- Ты это к чему, товарищ капитан?

- Поменяй кота на женщину, ящик на твое отсутствие, а разложение атомов на секунды. Уехал ты. И с каждой секундой твоя женщина любит тебя все меньше и меньше. Но ни в какой момент ты, наблюдатель с линии фронта, ни в какой момент ты не сможешь сказать: вот, разлюбила. Если ты уехал, то никогда не можешь сказать, любит она тебя или не любит. Да и она сама не знает. Ты все еще пишешь письма, чатишься в 'Контакте', и она тебе каждый день отписывает. Но она уже зажигает с другим на танцполе. Или на работе. Или в парке. Она в твоем ящике. И ты ничего не можешь сделать, только наблюдать. Хотя, можешь вернуться и залезть в этот душный ящик. И женщина Шредингера будет тебя любить. Любить и ненавидеть, за то, что ты залез ей под каблук, в этом тесном ящике. Впрочем, она будет тебя ненавидеть, если ты не вернешься.

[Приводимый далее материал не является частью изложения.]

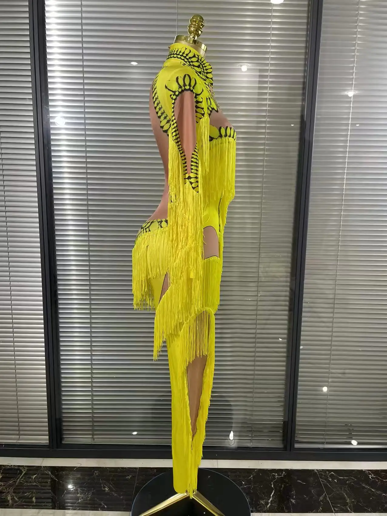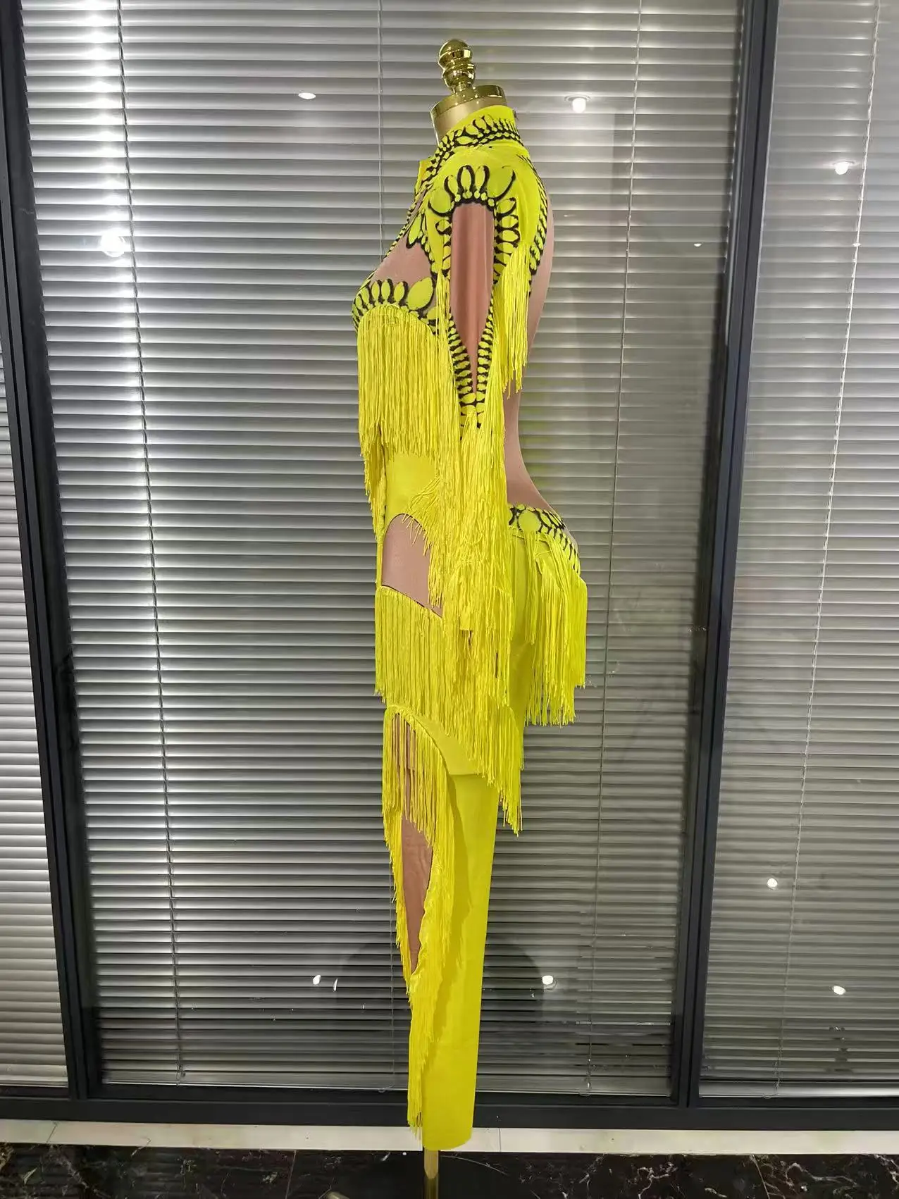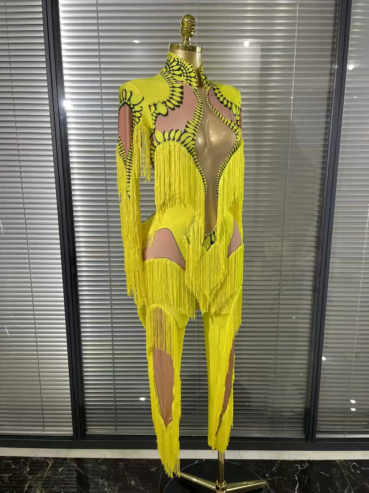 Yellow Tassel Jumpsuit Women Long Sleeve Spandex Skinny Fringe Leotard Sexy Stage Wear DJ Singer Dancer Party Show Costume

- То есть, она в любом случае меня будет ненавидеть?

- Конечно. Она же женщина Шредингера. Ненависть ее качество априори.

- А любовь?

- А любовь только апостерирори.

- Не понял...

- Ненависть дается по определению, без опыта. А любовь дается только с опытом.

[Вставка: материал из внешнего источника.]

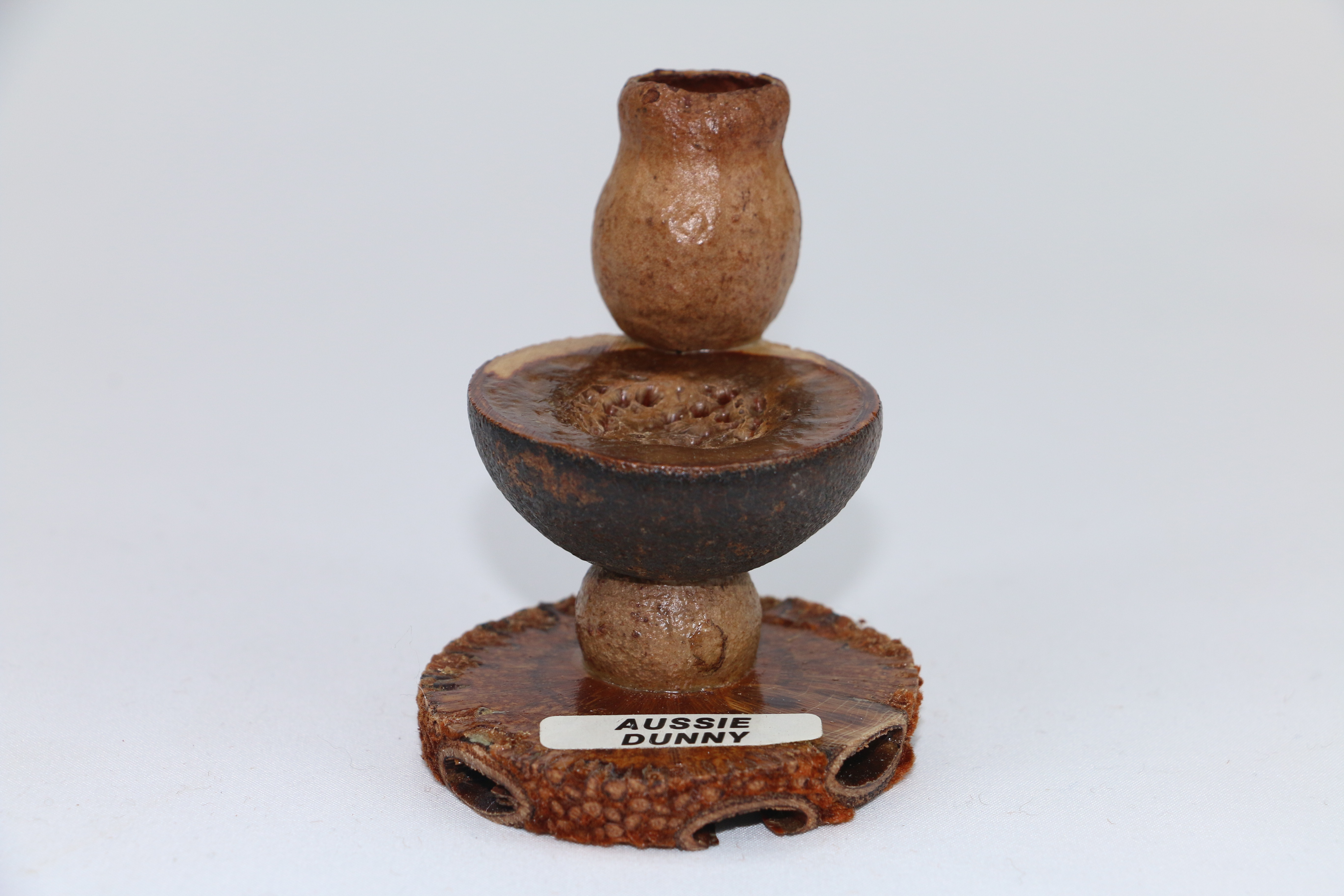 Toilet gumnut figurine made from cross-cut Banksia nut with glued nut supporting a mallee type nut with hollowed-out cross-section depicting toilet bowl with gum nut atop depicting cistern. A label with words 'AUSSIE/ DUNNY' is attached to the Banksia base. The figurine is varnished with clear lacquer.

- Опять не понял, - честно сказал Воронцов.

- Ненавидеть очень легко, - сказал капитан Бек, осторожно объезжая очередную воронку на дороге. - Ненависть это скорость разложения.

- А любовь?

- Сам догадаешься?

- Скорость созидания?

- Нет. Длительность сохранения. Консервация склада с тушенкой - вот что есть любовь. Чем больше ты сохраняешь, тем больше любви в мире.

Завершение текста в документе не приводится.